Once you have frosted and decorated your cake you can keep it in the fridge until ready to serve. I like to let the cake come to room temperature for about an hour before eating but that’s not essential.
Other 6 inch layer cake variations
You can pretty much use any cupcake recipe to make a 6 inch layer cake. Simply make the batter and divide evenly between the pans.

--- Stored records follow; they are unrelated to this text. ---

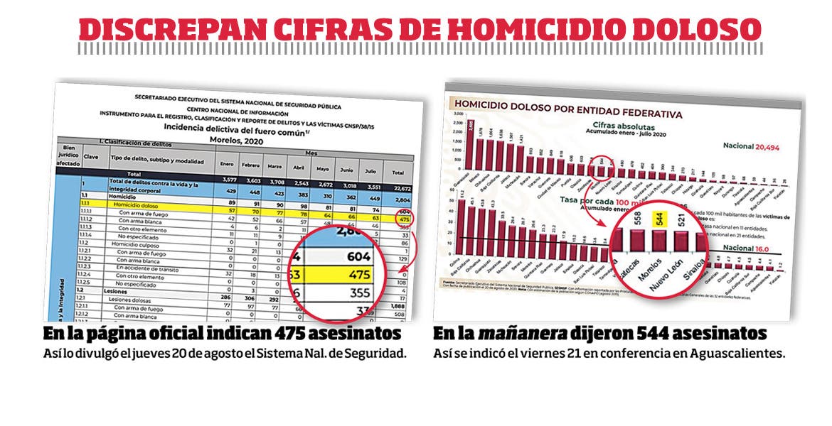 Respecto del Estado de Morelos, se informó líneas arriba que el viernes 21 se reportaron 544 homicidios dolosos entre el 1 de enero y el 31 julio de este año, pero en la víspera el documento oficial anotó 475; lo que abre una incógnita de la omisión de 69 asesinatos o el exceso de la misma cifra de ese tipo de delito.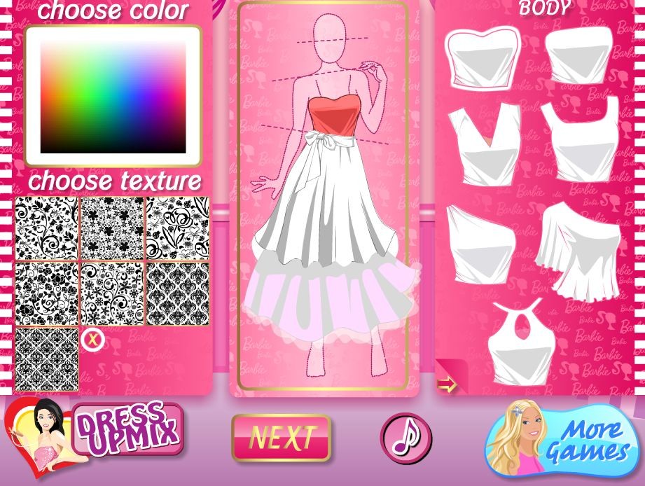Zabaw się w projektanta mody i zaprojektuj świetną sukienkę dla Barbie! Laleczka bardzo potrzebuje piękniej sukni na specjalne wyjścia. Teraz Twoja rola, do dzieła!
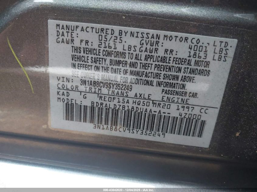 2025 NISSAN SENTRA 2025 року Бензин, 2.0, Передний привод, vin - 3N1AB8CV9SY352249 из США
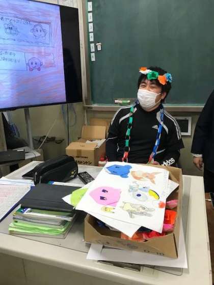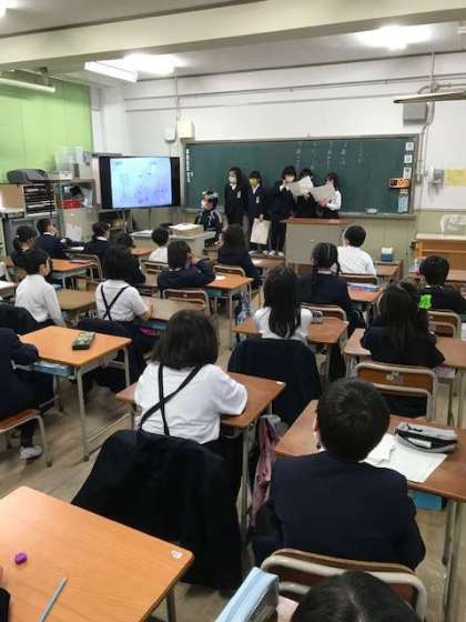 2年の教室では、お楽しみ会で各グループごとにクイズやデジタル紙芝居等の出し物を披露していました。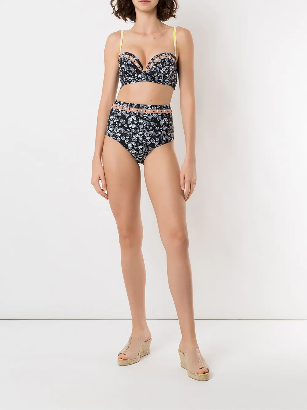 Bikini met print van Amir Slama voorzien van balconette top, beugel-bh, verstelbare smalle bandjes, striksluiting achterzijde, taille slip, een all-over print, elastische bies en voering. Dit artikel valt normaal qua maat. De print kan enigszins afwijken van het afgebeelde artikel. Zwemkleding moet over uw eigen kleding aan worden gepast.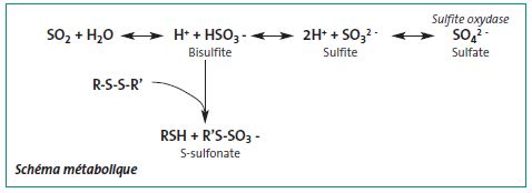 Le dioxyde de soufre est bien absorbé par voie respiratoire et rapidement hydraté en acide sulfureux. Celui-ci est distribué largement dans l'organisme où il est majoritairement métabolisé par le foie en sulfates, qui sont éliminés dans les urines.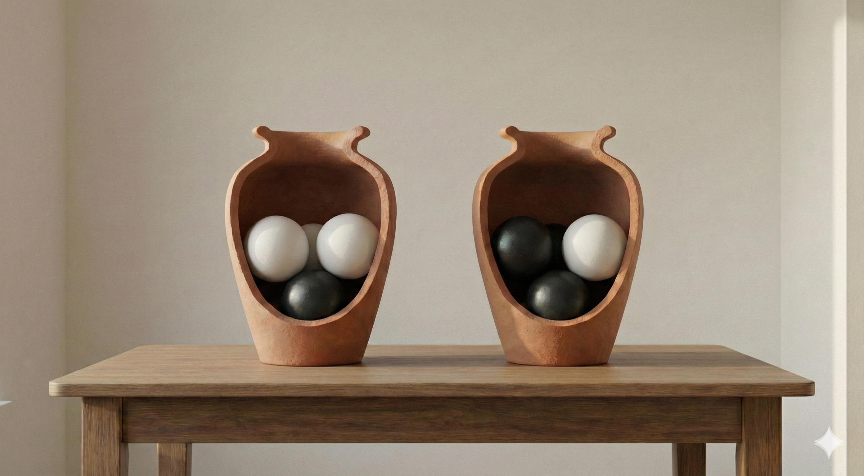 Es hilft beispielsweise, wenn die Gruppe möglichst divers ist und unabhängig wählt. Betrachten wir einmal folgendes einfaches Beispiel, welches insbesondere in der epistemischen Logik diskutiert wurde (siehe Baltag et al. 2013). Stellen Sie sich zwei Urnen vor: Die ‚weiße Urne‘ enthält überwiegend weiße Kugeln (zwei weiße, eine schwarze), die ‚schwarze Urne‘ überwiegend schwarze (zwei schwarze, eine weiße). Eine dieser Urnen wird zufällig ausgewählt und in einen Raum gestellt, ohne dass jemand weiß, welche es ist.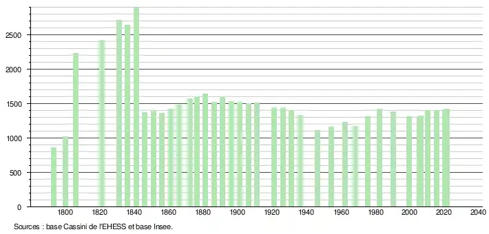 L'évolution du nombre d'habitants est connue à travers les recensements de la population effectués dans la commune depuis 1793. Pour les communes de moins de 10 000 habitants, une enquête de recensement portant sur toute la population est réalisée tous les cinq ans, les populations légales des années intermédiaires étant quant à elles estimées par interpolation ou extrapolation[45]. Pour la commune, le premier recensement exhaustif entrant dans le cadre du nouveau dispositif a été réalisé en 2005[46].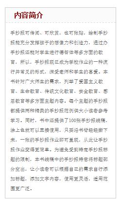 小学生的家长可能都有过帮孩子画手抄报的经历,无论南北方的小学,手抄报似乎成了家庭作业的一种常见形式。在孩子入学前我也不理解为什么这么多家长对手抄报如此热衷,当孩子上了一年级以后,我才真正亲身体会到了原来在小学校园里手抄报这么重要、这么常见。不仅是学校和班级的宣传栏要用到手抄报,家庭作业也经常是以手抄报的形式出现。为了拯救枯竭的绘画想象力,不得不去搜索手抄报的资源和作品。可是网上搜来的作品往往过于简单粗糙,某些书上搜来的作品虽然精美却过于复杂难以模仿。为了让孩子们不止是简单地模仿范例,书中除了列举了100张手抄报实例外,对手抄报的设计技巧也进行了讲解,从笔材到纸张,从配色到构图,从花边到插图,每一部分内容都有精彩的讲解。授人以鱼不如授人以渔,正是本着这样的态度,作者创作了这样一本内容全面又丰富的手抄报图书,相信它可以满足不同孩子和家长的不同需求。 |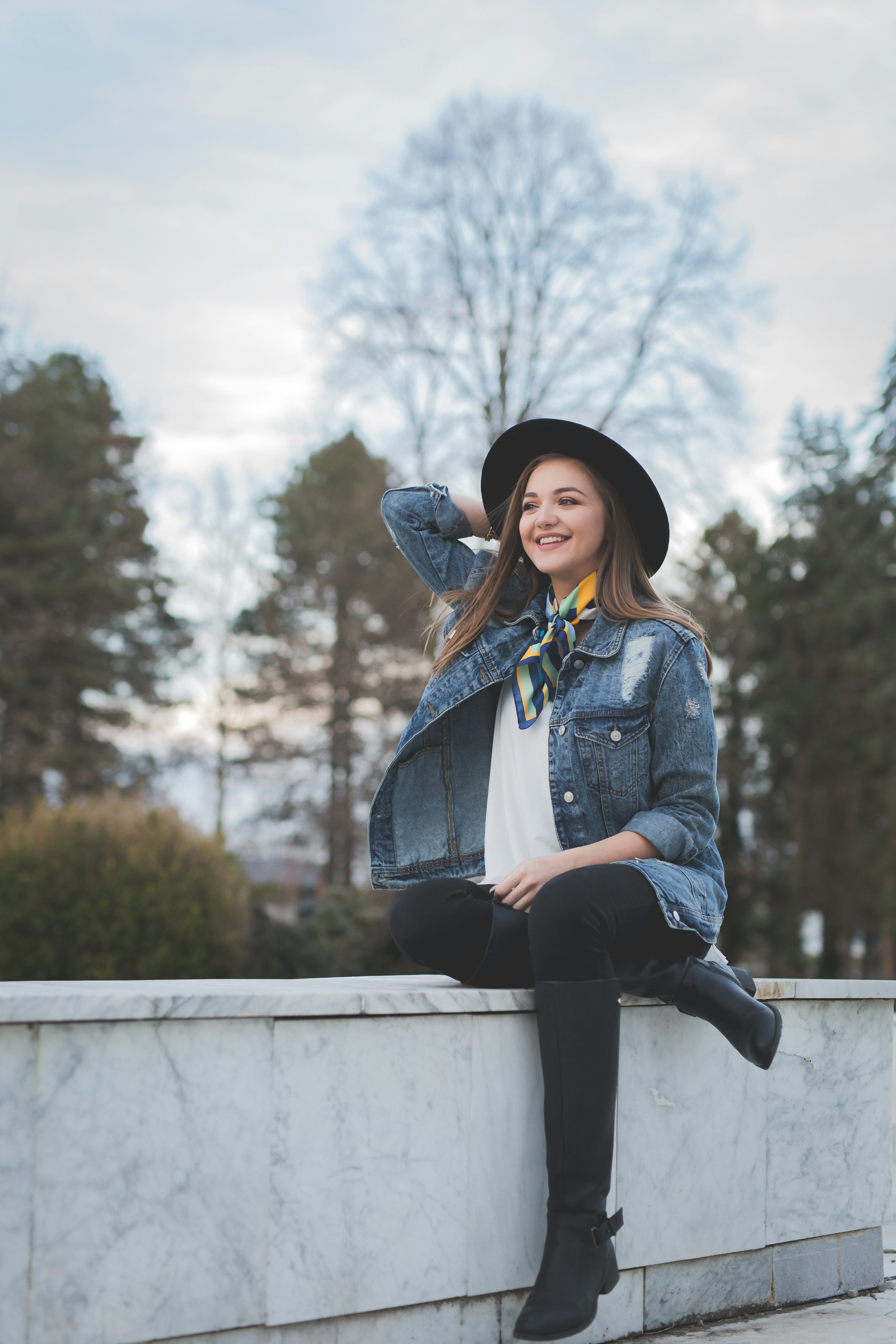 A Girl Is Sitting On A Bench And Is Wearing A Denim Jacket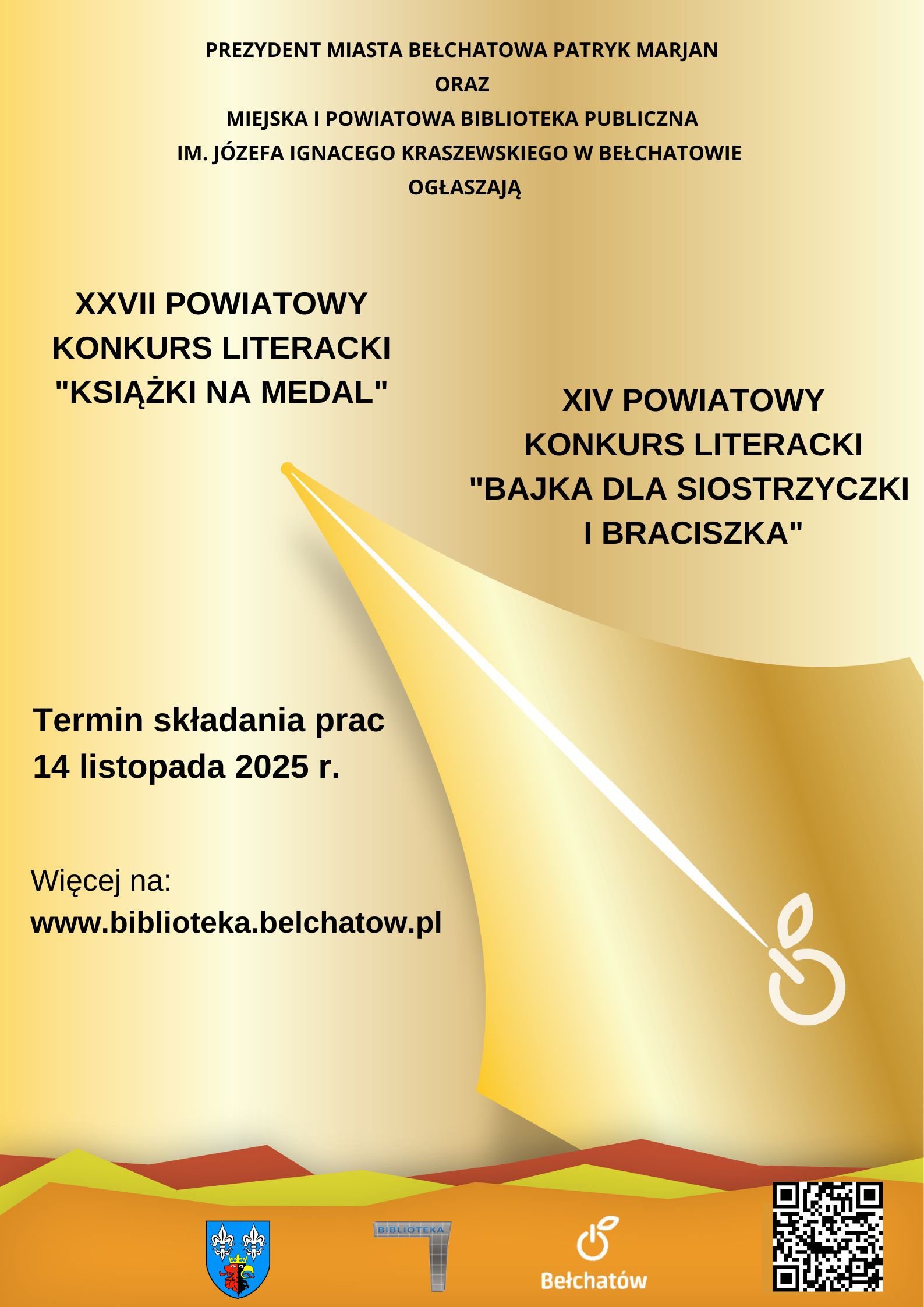 Tradycyjnie już zapraszamy do udziału w konkursach organizowanych przez bibliotekę publiczną w Bełchatowie. Uczniowie klas IV-VI zainteresowani konkursem ,,Bajka dla siostrzyczki i braciszka" zgłaszają się do swoich polonistek- p. Aleksandry Fornalik i p. Anetty Sobieszek. Natomiast uczniowie klas VII-VIII zainteresowani konkursem ,,Książka na medal" do p. Doroty Pukacz.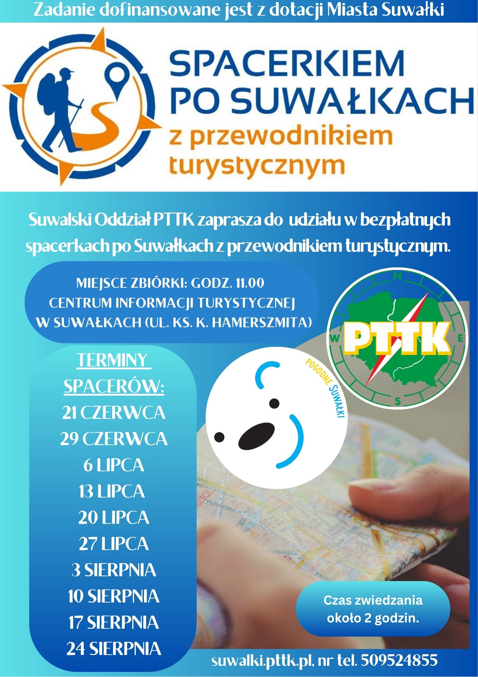 Polskie Towarzystwo Turystyczno-Krajoznawcze OddziaÅ‚ w SuwaÅ‚kach im. Jerzego Klimko z przyjemnoÅ›ciÄ… zaprasza mieszkaÅ„ców SuwaÅ‚k i goÅ›ci na tematyczne spacery po miejskich trasach turystycznych z przewodnikiem turystycznym PTTK.

Use the batter from the below recipes to make different cake flavour variations:
Chocolate and Coconut Cupcakes (pictured here as a cake and recipe included below)
Vegan Chocolate Cupcakes
Vegan Vanilla Cupcakes
Cookies and Cream Cupcakes
Lady Grey Cupcakes
The frosting amount in each of these recipes will also be the right amount for your 6 inch cake, so you can get creative!
What will you try first?
If you do make this recipe, please be sure to leave a comment and rating below! And tag any of your creations on Instagram with #eightforestlane as I would love to see.
Chocolate and Coconut Layer Cake (Dairy-Free)
For the Cupcakes:
- ½ cup cocoa powder
- ¾ cup plain flour
- ½ teaspoon bicarbonate of soda
- ¾ teaspoon baking powder
- ¼ teaspoon salt
- 2 large eggs room temperature
- 2 teaspoons vanilla extract
- ½ cup white sugar
- ½ cup light brown sugar
- ⅓ cup melted coconut oil
- ½ cup coconut milk
For the chocolate and coconut buttercream
- 125 grams dairy-free butter
- ½ cup cocoa powder
- 3 ½ cups icing sugar
- 2 tablespoons coconut milk
- 1 teaspoon vanilla
- pinch salt
- Preheat oven to 180°C and line 3x 6 inch cake pans with cooking spray and baking paper.
- In a large bowl, whisk to combine eggs, brown sugar, white sugar, vanilla, and melted coconut oil. In a separate bowl, sift flour, cocoa powder, bicarbonate of soda, baking powder and salt and stir to combine. Add half of the dry ingredients into the wet and half of the coconut milk and whisk until combined. Add in the remainder of the dry ingredients along with the milk and again stir until mixture just comes together being careful not to overmix.
- Divide the batter evenly between the 3 pans and place in preheated oven to bake for 20 minutes, or until the cake springs back when lightly pressed.
- Take the cakes out of the oven and let cool in the pan for 10 minutes before turning out onto a wire rack to cool completely.
- Make the buttercream. Using a hand mixer or a stand mixer with the paddle attachment fitted, beat dairy-free spread and vanilla for 1-2 minutes until creamy.
- Add in 3 cups of icing sugar and cocoa powder and beat on medium until combined. As mixture thickens, add in coconut milk a tablespoon at a time. If frosting is too thin, add in an extra ½ icing sugar until it reaches a smooth and creamy consistency. Add pinch of salt to taste if frosting is too sweet.
- Decorate the cake. Level the cakes with a large knife if they have domed in the oven. Place a small amount of the buttercream on a cake stand and place the first cake layer down. Add enough frosting to thickly cover the layer and add the second cake layer. Add more frosting, then the final cake layer upside down so the top of the cake is flat. Add more frosting to the top and side of the cake with a cake knife until its completely covered. Run a cake knife around the outside to smooth the edges.Top cake with fresh raspberries and chopped dark chocolate, or use the remaining frosting to pipe swirls around the top.
Nutritional information is provided as a guide only and is calculated using automated online tools, therefore we cannot guarantee the accuracy. We encourage you to make your own calculations based on the actual ingredients used in your recipe.